Selkirk College Connects Students to Resources with Web App Aiming to Support Wellbeing

Bob Hall
By Bob Hall
November 8th, 2016

A playful and comprehensive online resource mapping wellbeing resources in the West Kootenay is live at you.selkirk.ca

The interactive website designed for mobile devices aims to lead students to mental health support services in the community with a simple click. It was created in collaboration between Selkirk College Digital Arts & New Media Program students, Nursing Program students and Selkirk College employees.

The project was made possible through funding from the Ministry of Advanced Education in the Province of British Columbia as part of a commitment to ensuring people with disabilities can access education and training that will enable them to secure meaningful employment.

The responsive site asks students lively questions on sometimes serious subject matter – “Hungry? Apparently you can’t download food, what now?”  – and then points them toward services right on Selkirk College campuses along with agencies and resources in the greater community. There are also links to carefully selected websites, TED Talks and blogs that offer further knowledge about health and well-being.

Selkirk College Instructional Dean Kate Pelletier explains the roots of the project.

“We learned from students and staff that there was a lack of information about where to find mental health resources in the community and where to turn on campus. We wanted to help students find what they need,” she says. “Students are more than just the books that they are studying. It’s important for us to take a holistic approach, understanding that if students are stressed out and not coping well in their general life; they aren’t going to be successful in their studies.”

Former Selkirk College Counsellor Robbin Higgins was involved in the early stages. She engaged with students to learn how this need could be met and planted the seed for the now complete project which will be shared with other institutions that will adapt it for their students.

“I’m delighted the idea is coming to fruition.” says Higgins who now works in Kyrgyzstan at the new University of Central Asia offering weekly classes on health and wellbeing. “I look forward to accessing the web resource from here.”

Key to Higgin’s concept was a by-student-for-students approach.

Pelletier explains, “Students have insight as to what will appeal to their peers and what resources will speak to them. They also used skills gained during their studies here at Selkirk College in a real work situation undertaken with guidance and support.”

Teamwork on this project came from Selkirk College students-turned-alumni Thomas Nowaczynski, Samantha Alvarado, Colby Dunlop, and Alicia Abrosimoff under the supervision of Instructor Shane Hainsworth with the guidance of local web developer and former Digital Arts student Denis Leblanc.

“This project gave us serious real-world experience at a grand scale,” says Nowaczynski, team lead. “Developing this resource was an adventurous, determined, and sometimes scary insight into the world of web design.
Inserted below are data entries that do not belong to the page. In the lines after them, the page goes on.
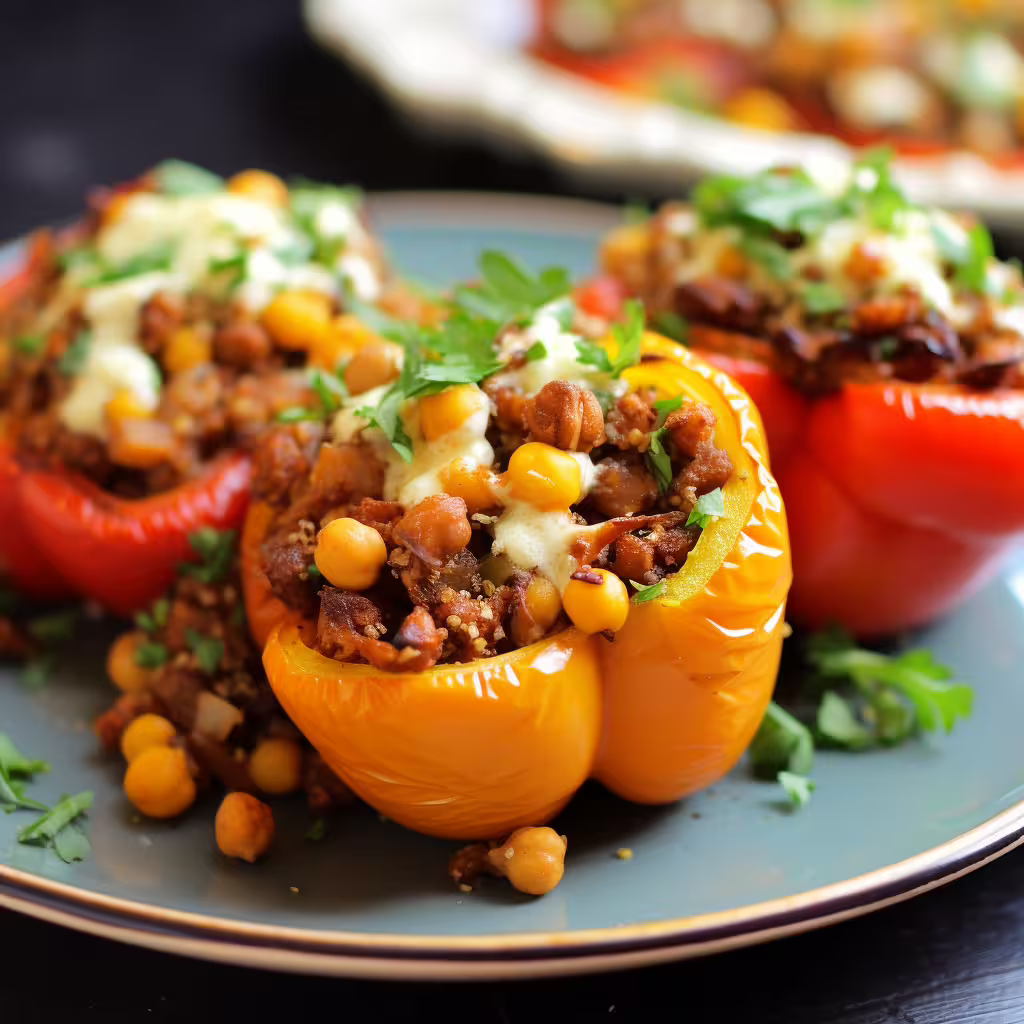 - Place the bell peppers in a baking dish and fill each one with the beef and chickpea mixture. Top with shredded cheddar cheese.
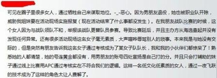 爆料人士还说到,这个女人曾经和多名职业选手发生关系,并且谋取利益,包括她的工作和人际关系,后来因为男朋友退役,她也被职业队开除。威胁我朋友要在活动现场实施报复(现在活动结束了什么事都没发生)。
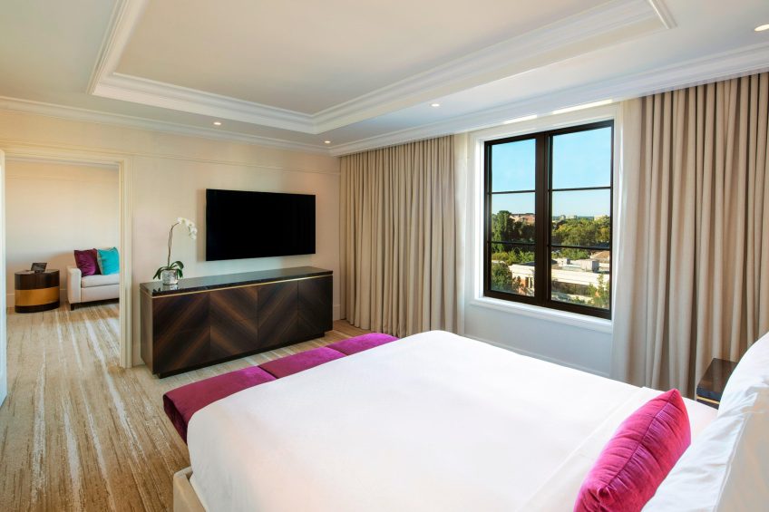 Guest rooms and suites are appointed with residential polish and elegantly designed, with naturally lit spaces adorned with calming hues of sage or raspberry. Each of the hotel’s guest rooms and suites are elegantly appointed with the comforts of a luxury home featuring iPad controls for smart room functionality, Wi-Fi internet access and plush dรฉcor, linens and finishing.
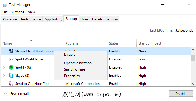 如果您不确定在此禁用什么,请查看我们的启动时不需要运行的前10个项。对于很多人来说,常见的罪魁祸首可能包括Spotify,Steam,iTunes和Skype。

We got to experience everything from intense, joyous breakthroughs to shameful failure and repeated iterations, before we landed where we did.”

Nowaczynski says the project reinforces the concept that “content is king,” meaning any media is worthless without having “good, unique content.”

Selkirk College Nursing Program student David Felton and Matty Hillman, graduate student and new instructor in the Human Services Program, aggregated the list of support services, and sought out information relevant to the student experience.

“My practice as a child and youth care worker in the West Kootenay over the last eight years has provided me with a strong awareness of community and online resources,” says Hillman. “And, as an educator and student myself, I have an interest and desire to see that students feel supported, respected and valued.”

Since the launch of B.C.’s Skills for Jobs Blueprint, the Ministry of Advanced Education has provided almost $2.8 million to 20 public post-secondary institutions to develop programs to give people with disabilities skills to succeed in training aligned with in-demand jobs.

Funding through this program is being used to develop a number of resources for Selkirk College staff and students including the creation of a video called “What I Wish They Knew” featuring students sharing their experiences with mental health challenges.